Stored records:
= = = = =

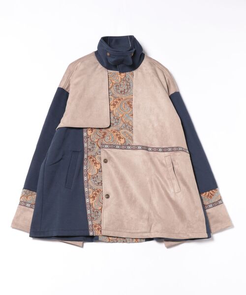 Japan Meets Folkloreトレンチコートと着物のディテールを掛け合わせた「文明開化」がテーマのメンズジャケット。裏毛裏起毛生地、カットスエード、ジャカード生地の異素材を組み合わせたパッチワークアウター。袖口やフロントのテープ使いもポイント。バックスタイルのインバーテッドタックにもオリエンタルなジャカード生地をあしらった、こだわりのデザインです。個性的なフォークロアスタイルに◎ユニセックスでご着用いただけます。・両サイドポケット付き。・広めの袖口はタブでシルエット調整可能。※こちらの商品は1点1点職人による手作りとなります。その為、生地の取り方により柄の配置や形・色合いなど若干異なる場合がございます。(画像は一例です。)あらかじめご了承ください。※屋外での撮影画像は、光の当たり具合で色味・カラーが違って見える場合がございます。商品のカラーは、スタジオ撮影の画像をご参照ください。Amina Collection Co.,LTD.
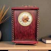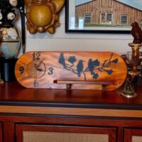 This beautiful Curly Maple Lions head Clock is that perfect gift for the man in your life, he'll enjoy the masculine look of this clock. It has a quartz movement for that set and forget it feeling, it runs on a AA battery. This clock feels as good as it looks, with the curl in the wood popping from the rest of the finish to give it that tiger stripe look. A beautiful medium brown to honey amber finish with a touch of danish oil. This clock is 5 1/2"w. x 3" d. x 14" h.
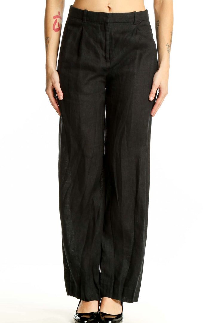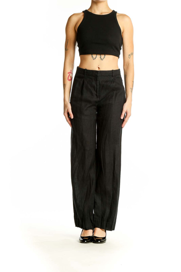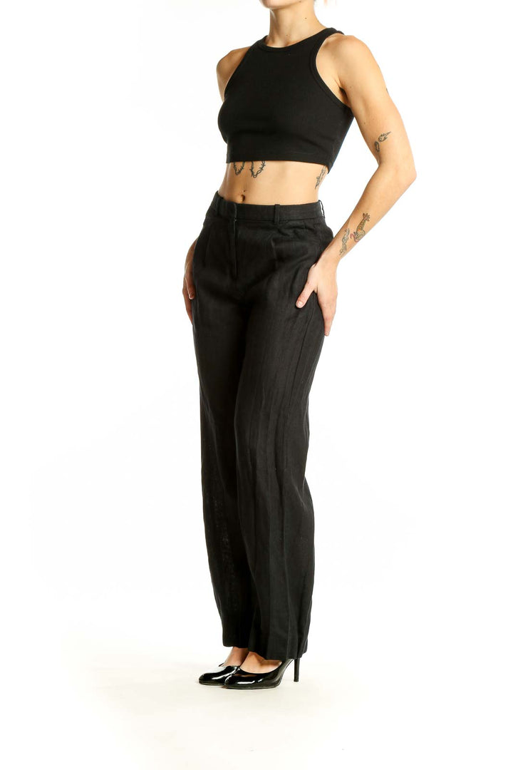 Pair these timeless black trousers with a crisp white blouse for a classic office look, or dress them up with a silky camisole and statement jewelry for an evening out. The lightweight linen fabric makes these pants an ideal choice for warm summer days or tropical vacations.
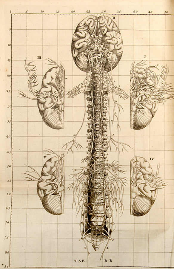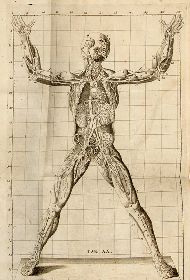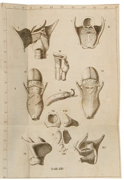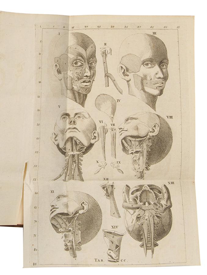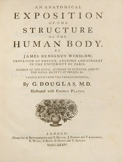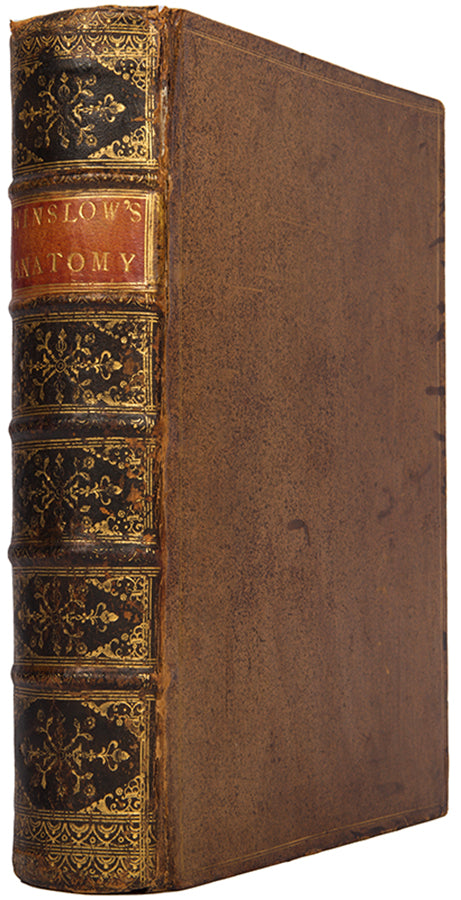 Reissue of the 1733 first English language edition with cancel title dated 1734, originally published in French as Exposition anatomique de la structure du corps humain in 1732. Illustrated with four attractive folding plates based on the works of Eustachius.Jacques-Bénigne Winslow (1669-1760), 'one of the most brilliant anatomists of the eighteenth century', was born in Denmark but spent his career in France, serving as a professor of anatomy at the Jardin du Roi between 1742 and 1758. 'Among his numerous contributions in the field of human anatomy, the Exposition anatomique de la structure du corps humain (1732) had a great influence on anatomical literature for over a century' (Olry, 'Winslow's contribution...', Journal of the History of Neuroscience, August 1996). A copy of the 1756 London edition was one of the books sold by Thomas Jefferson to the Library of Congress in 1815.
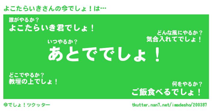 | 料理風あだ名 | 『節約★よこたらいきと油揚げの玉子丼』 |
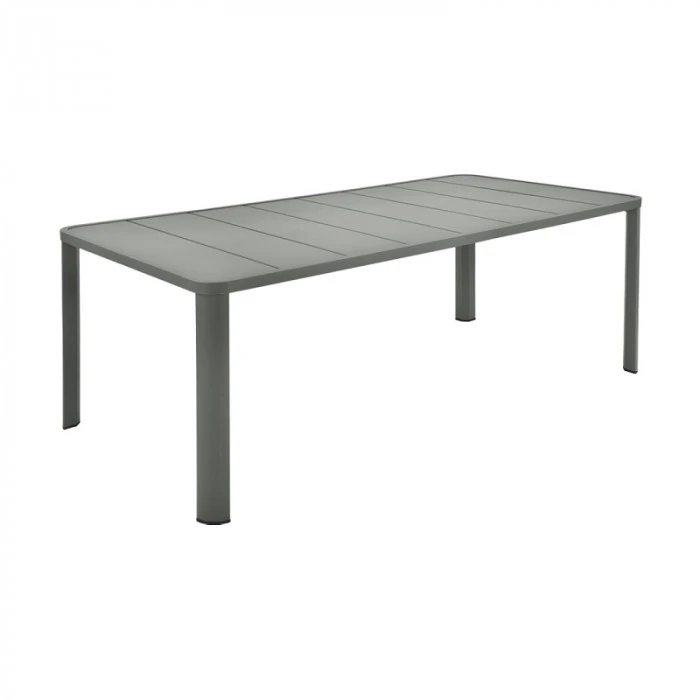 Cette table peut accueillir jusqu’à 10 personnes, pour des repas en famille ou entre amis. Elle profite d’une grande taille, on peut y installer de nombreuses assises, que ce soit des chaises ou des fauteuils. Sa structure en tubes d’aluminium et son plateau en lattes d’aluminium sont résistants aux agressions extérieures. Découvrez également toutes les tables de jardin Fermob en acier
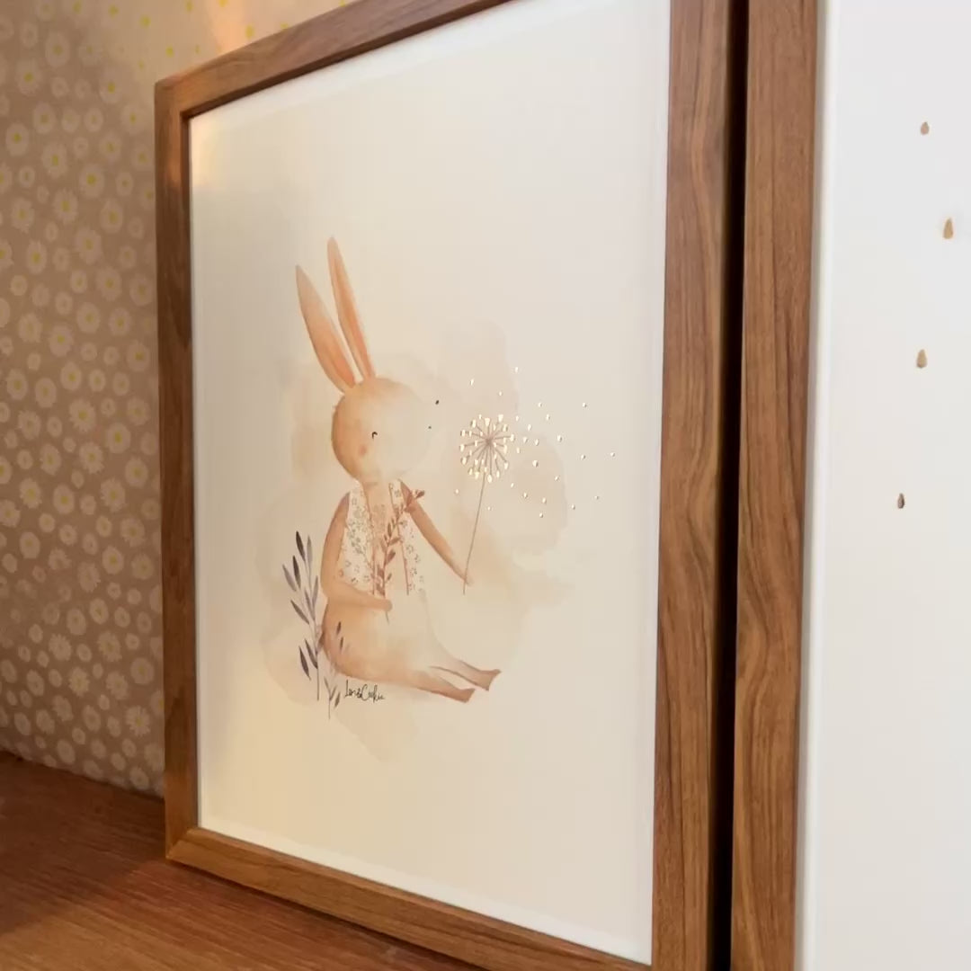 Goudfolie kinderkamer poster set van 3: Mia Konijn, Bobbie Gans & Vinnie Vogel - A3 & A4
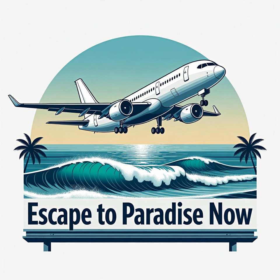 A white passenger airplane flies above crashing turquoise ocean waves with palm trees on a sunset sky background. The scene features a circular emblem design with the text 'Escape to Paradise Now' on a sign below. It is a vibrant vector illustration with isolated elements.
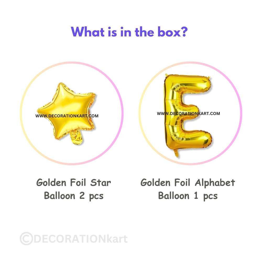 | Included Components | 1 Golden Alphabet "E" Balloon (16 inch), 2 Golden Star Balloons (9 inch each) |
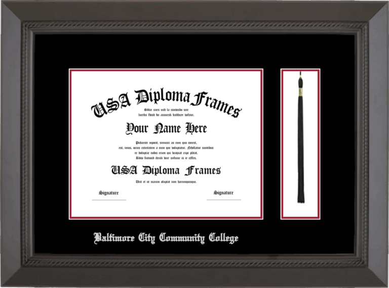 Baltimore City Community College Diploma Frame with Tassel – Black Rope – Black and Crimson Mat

= = = = =

DESCRIPTION OF THE TASK:
Only the text of the records is to be reproduced exactly; skip the pictures.

ANSWER TO THE PROBLEM:
 Japan Meets Folkloreトレンチコートと着物のディテールを掛け合わせた「文明開化」がテーマのメンズジャケット。裏毛裏起毛生地、カットスエード、ジャカード生地の異素材を組み合わせたパッチワークアウター。袖口やフロントのテープ使いもポイント。バックスタイルのインバーテッドタックにもオリエンタルなジャカード生地をあしらった、こだわりのデザインです。個性的なフォークロアスタイルに◎ユニセックスでご着用いただけます。・両サイドポケット付き。・広めの袖口はタブでシルエット調整可能。※こちらの商品は1点1点職人による手作りとなります。その為、生地の取り方により柄の配置や形・色合いなど若干異なる場合がございます。(画像は一例です。)あらかじめご了承ください。※屋外での撮影画像は、光の当たり具合で色味・カラーが違って見える場合がございます。商品のカラーは、スタジオ撮影の画像をご参照ください。Amina Collection Co.,LTD.
 This beautiful Curly Maple Lions head Clock is that perfect gift for the man in your life, he'll enjoy the masculine look of this clock. It has a quartz movement for that set and forget it feeling, it runs on a AA battery. This clock feels as good as it looks, with the curl in the wood popping from the rest of the finish to give it that tiger stripe look. A beautiful medium brown to honey amber finish with a touch of danish oil. This clock is 5 1/2"w. x 3" d. x 14" h.
 Pair these timeless black trousers with a crisp white blouse for a classic office look, or dress them up with a silky camisole and statement jewelry for an evening out. The lightweight linen fabric makes these pants an ideal choice for warm summer days or tropical vacations.
 Reissue of the 1733 first English language edition with cancel title dated 1734, originally published in French as Exposition anatomique de la structure du corps humain in 1732. Illustrated with four attractive folding plates based on the works of Eustachius.Jacques-Bénigne Winslow (1669-1760), 'one of the most brilliant anatomists of the eighteenth century', was born in Denmark but spent his career in France, serving as a professor of anatomy at the Jardin du Roi between 1742 and 1758. 'Among his numerous contributions in the field of human anatomy, the Exposition anatomique de la structure du corps humain (1732) had a great influence on anatomical literature for over a century' (Olry, 'Winslow's contribution...', Journal of the History of Neuroscience, August 1996). A copy of the 1756 London edition was one of the books sold by Thomas Jefferson to the Library of Congress in 1815.
 | 料理風あだ名 | 『節約★よこたらいきと油揚げの玉子丼』 |
 Cette table peut accueillir jusqu’à 10 personnes, pour des repas en famille ou entre amis. Elle profite d’une grande taille, on peut y installer de nombreuses assises, que ce soit des chaises ou des fauteuils. Sa structure en tubes d’aluminium et son plateau en lattes d’aluminium sont résistants aux agressions extérieures. Découvrez également toutes les tables de jardin Fermob en acier
 Goudfolie kinderkamer poster set van 3: Mia Konijn, Bobbie Gans & Vinnie Vogel - A3 & A4
 A white passenger airplane flies above crashing turquoise ocean waves with palm trees on a sunset sky background. The scene features a circular emblem design with the text 'Escape to Paradise Now' on a sign below. It is a vibrant vector illustration with isolated elements.
 | Included Components | 1 Golden Alphabet "E" Balloon (16 inch), 2 Golden Star Balloons (9 inch each) |
 Baltimore City Community College Diploma Frame with Tassel – Black Rope – Black and Crimson Mat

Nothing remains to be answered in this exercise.